Qualcomm is best known for its quirkily-named Wi-Fi and other wireless communications technologies; ETHOS®, Haystack®, and Gobi®, for starters. Relatively low-powered, they allow notebooks and smartphones access to broadband connectedness.
Qualcomm has now expanded its reach, and its power, to inductive charging for electric vehicles. Its wireless electric vehicle charging (WEVC) technology, HaloIPT will first allow wireless recharging of electric vehicles which park over a “sweet spot” that has the capability of sending power “over an air gap of hundreds of millimeters while still maintaining high-energy transfer electricity,” according to the company.
PCWorld reports that Halo’s inductive “WEVC can transfer up to 3.5 kilowatts of power at greater than 90 percent efficiency – that’s as good as, or even better, than wired charging. Instead of plugging in the EV to a charging station, the car will have a charging plate attached to its chassis. A charging mat, placed above or below the pavement, magnetically transfers power to the vehicle through the gap between them. Qualcomm explains that the car doesn’t even need to be precisely parked over the mat, a great deal of tolerance being built into the system.
3.5 kilowatts will have some leakage current, making it a possible danger to those with electronic medical devices or implants.

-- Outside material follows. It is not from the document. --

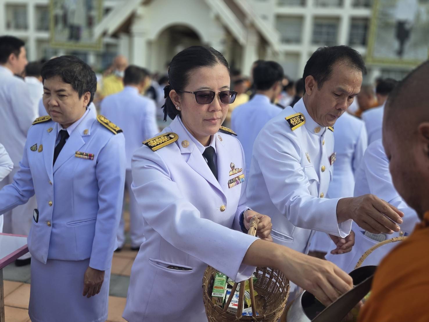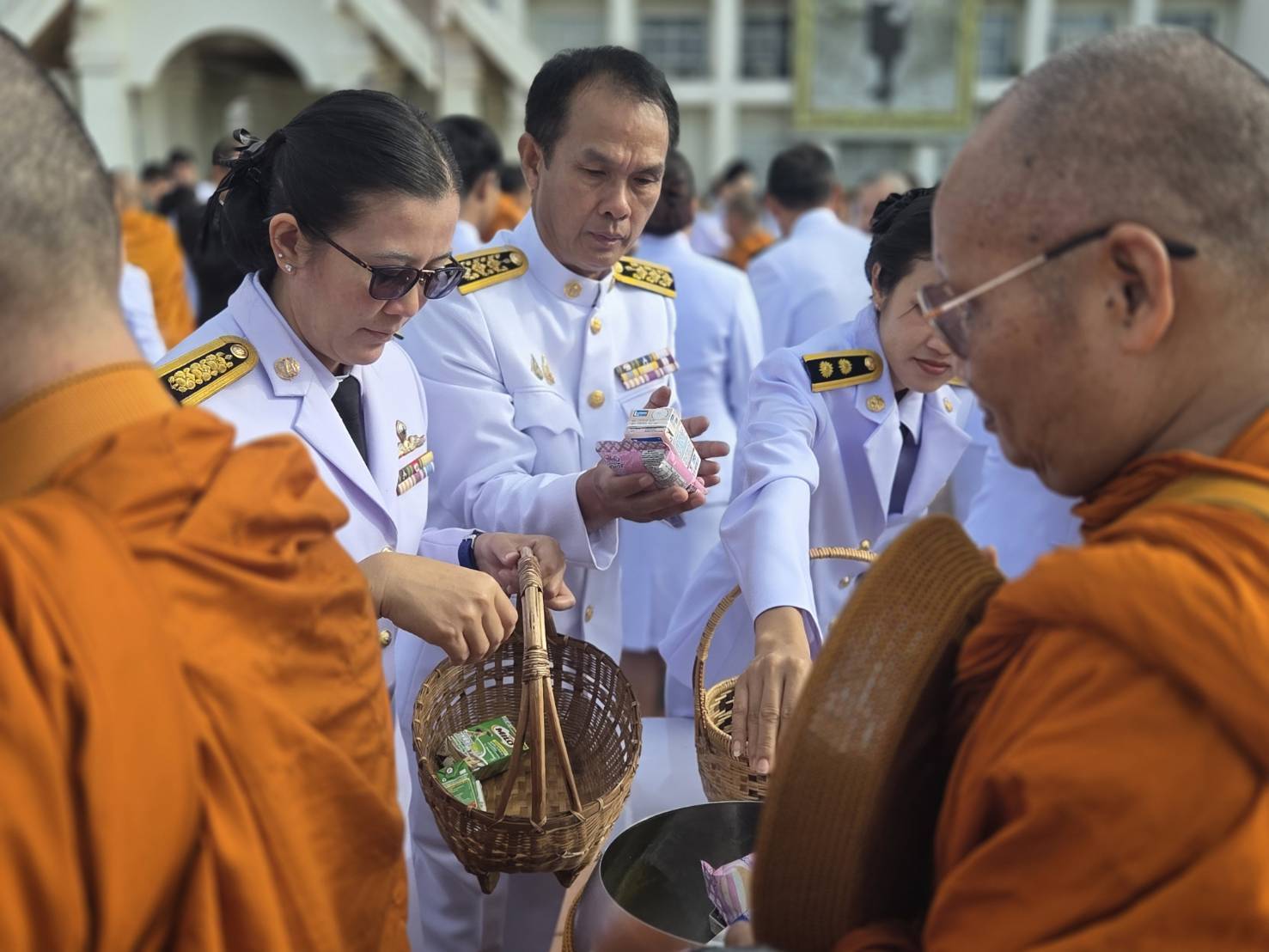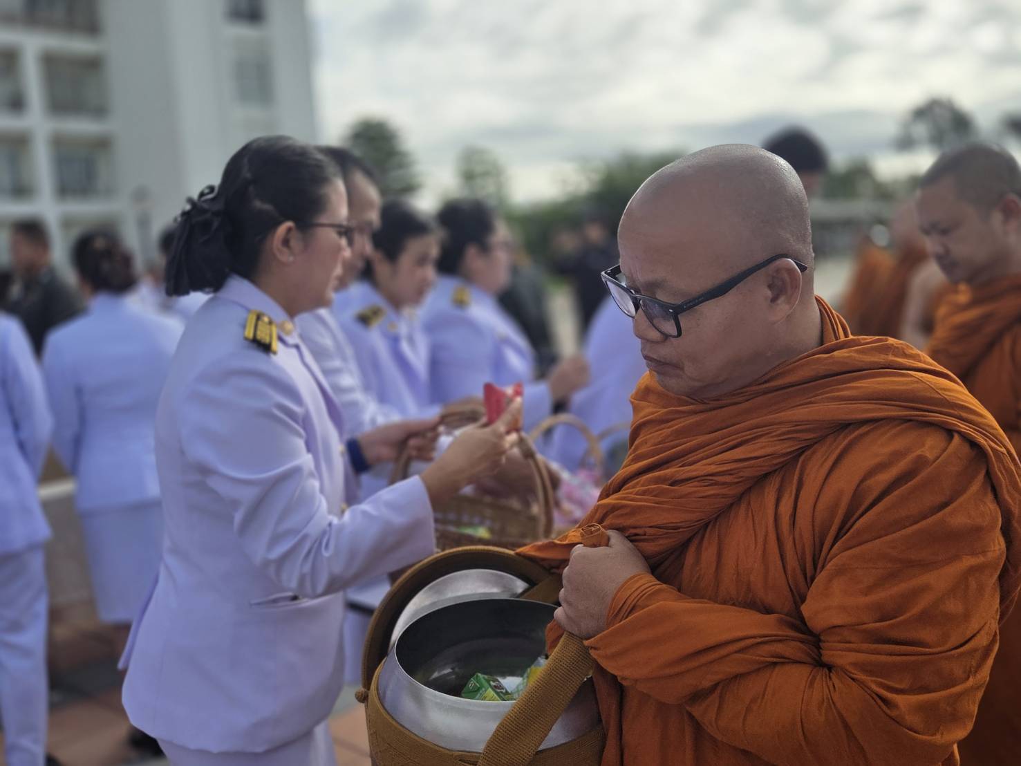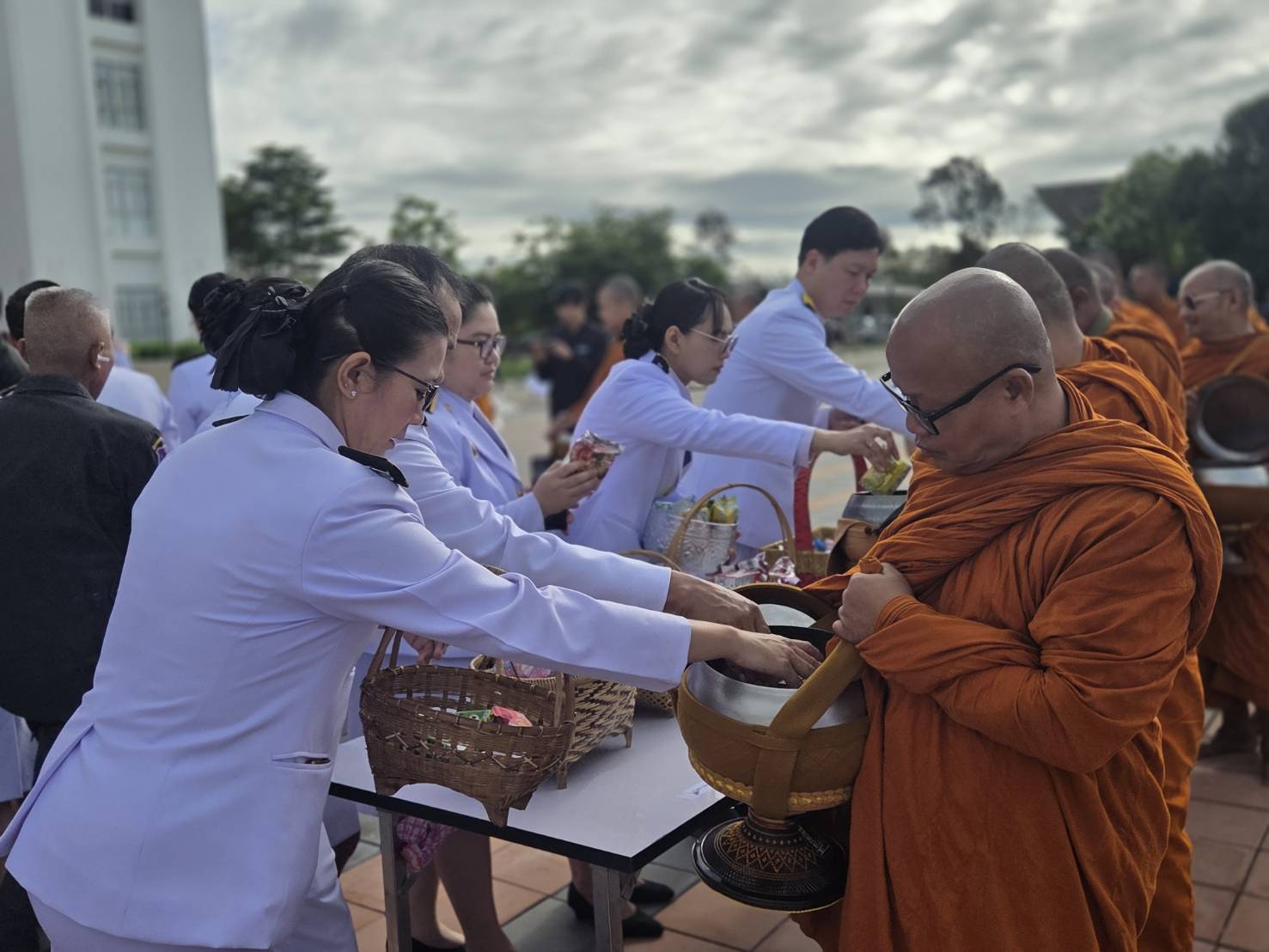 ร่วมพิธีสวดพระพุทธมนต์ ทำบุญตักบาตร ถวายพระราชกุศล เนื่องในวันคล้ายวันสวรรคต พระบาทสมเด็จพระบรมชนกาธิเบศร มหาภูมิพลอดุลยเดชมหาราช บรมนาถบพิตร ณ บริเวณศาลาเรือนไทย

Not to worry, according to its inventors, since the technology will actually have a claimed leakage lower than that for current-carrying plug-in cables.
Initial plans from HaloIPT include low-power mats for slow charging at home, higher-powered units for faster charges in public and workplace parking areas, stackable units for taxi ranks and buses, and, “Ultimately, we will develop dynamic charging, which will enable your electric car to be powered on the move. This is the most effective way to enable long-range electric car transport.”
Halo WEVC will start a two-year trial of the prototype system in London, using about 50 cars. If that trial succeeds, the technology will go to the consumer market, where “Qualcomm initially plans to license the technology to automakers, who will integrate the charging plate on the bottom of electric vehicles and include a portable charging mat.”
If dynamic charging becomes a reality, EVs would have essentially unlimited range as long as they were driven on powered streets and highways.
This might even have implications for aviation applications. Consider a runway with power mats down the centerline. An airplane could augment its takeoff performance up to liftoff, saving precious energy in its batteries for moderately longer-range cruising. It might be possible to pull regenerative energy from landing aircraft. Questions arise, however, as to whether the added weight of the system would offset potential benefits.
Inductive Power Technology, as acquired by Qualcomm, is a product of the University of Auckland, New Zealand and its commercialization company Auckland UniServices Ltd. Qualcomm and Aukland Uniservices have committed to a long-term research and development arrangement to promote continued innovation in the field of wireless charging for electric road vehicles by way of inductive power transfer.
According to the University, “Inductive Power Technology (IPT) was pioneered by Professor John Boys and Associate Professors Grant Covic and Udaya Madawala from the University’s Power Electronics Group. They have led the world in developing systems to transmit electric power efficiently across air gaps without using wires.”
“’IPT will become the standard technology for electric-powered vehicles. Vehicles fitted with our technology will be able to charge overnight using electricity generated by renewable sources such as wind. Because there is a low demand for electricity at night, little or no extra installed generating capacity will be required to power our fleet of electric vehicles,’ said Dr. Peter Lee, Chief Executive of UniServices.”
Whether Qualcomm’s adaptation of Halo technology becomes the standard remains to be seen, even though Rolls-Royce uses it for its luxury EV. Qualcomm has competitors, though, from Mercedes, working with Conductix-Wampfler; Flanders Drive, a Belgian company; to A Better Place, Shai Agassi’s Israeli firm, among others.
Conductix-Wampfler notes the universality of ITP technology. “Inductive charging has advantages for automobile manufacturers as well. Induction systems avoid the problems inherent with the lack of cable/plug standards. Newly released plug standards from North America, Japan, and Europe are different, causing manufacturers to adapt to many different standards. Using inductive power, on the other hand, can be made international, since the laws of physics are the same everywhere.”
With this complement of organizations and others involved in developing inductive charging systems, we should begin to see the benefits of their efforts in short order.